One of the problems Esther struggles with is she doesn’t feel anything – or rather, she feels dead and void. Ironically, this is what makes The Bell Jar so emotionally violent – Esther’s striking descriptions of feeling dead, empty and meaningless.

Plath utilises the image of Esther trapped under a bell jar to illustrate the sense of isolating depression arguably both she and the character feel. This metaphor works so well at conveying the intensity of depression that even we, the readers – passive bystanders to Esther’s experience – can identify with her feelings.

Although desperate to overcome this sense of meaninglessness, Esther feels extremely alienated and isolated in her misery. We feel the raw struggle she deals with as she desperately tries to break the spell of the bell jar and integrate back into society.

It’s not a matter of “getting over it” as those outside the jar often think. Overcoming a battle with mental instability should not be a burden left on one person’s shoulders: it is a problem best solved through unity, and more to the point, empathy.

As Esther’s struggle progresses, our emotional approximation to her intensifies. Through a resonating first-person narrative, Plath takes us down the bleak and tumultuous path of mental instability.

In so doing, the ideas expressed in The Bell Jar extend beyond the borders of the page and into our daily lives. Plath teaches us the importance of empathy with the intention of preventing others from suffering as much as Esther and herself, in her own life, do.

I read Plath’s words as a reminder that we are a community, with an emphasis on unity, and should reach out to one another. We should not refrain from expressing ourselves, and to withhold our thoughts and our emotions is inherently destructive.
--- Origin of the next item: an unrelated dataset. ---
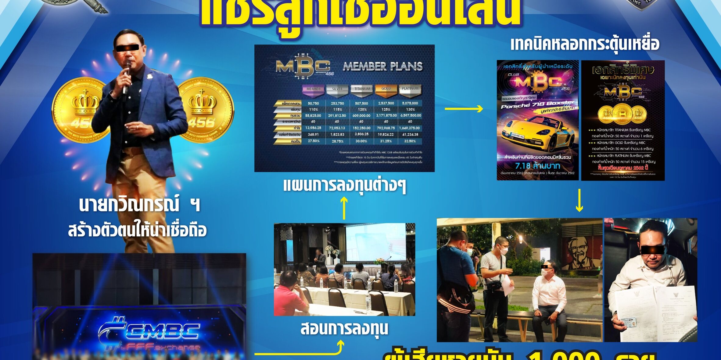พล.ต.อ.ดำรงศักดิ์ฯ เปิดเผยว่า เครือข่าย MBC Club ได้ชักชวนผู้เสียหายให้ร่วมลงทุนใน Forex โดยหลอกลวงว่าจะได้กำไรเฉลี่ย 40% ของเงินที่ลงทุนต่อเดือน และจะนำผลกำไรมาปันผลให้กับผู้ร่วมลงทุน แต่หากลงทุนครบจำนวน 40,000,000 บาท ภายในสิ้นปีจะได้รับรางวัลเป็นรถยนต์เก๋ง ยี่ห้อ Porsche 718 Boxster จากบริษัท ซึ่งการลงทุนดังกล่าวมีแผนการร่วมลงทุน แบ่งเป็น 5 แพ็คเกจ ดังนี้

“The silence depressed me. It wasn’t the silence of silence. It was my own silence.” Plath subtly reminds us the importance of not only listening, but speaking up, and how beneficial this can be for each and every one of us, especially during trials and hardships we encounter in life.

Perhaps that’s why she wrote The Bell Jar. To be heard, to speak out, and to emphasise the importance of relating to one another in our own life journeys. The human experience is unique to everyone, but not so unique that we should pursue it in isolation.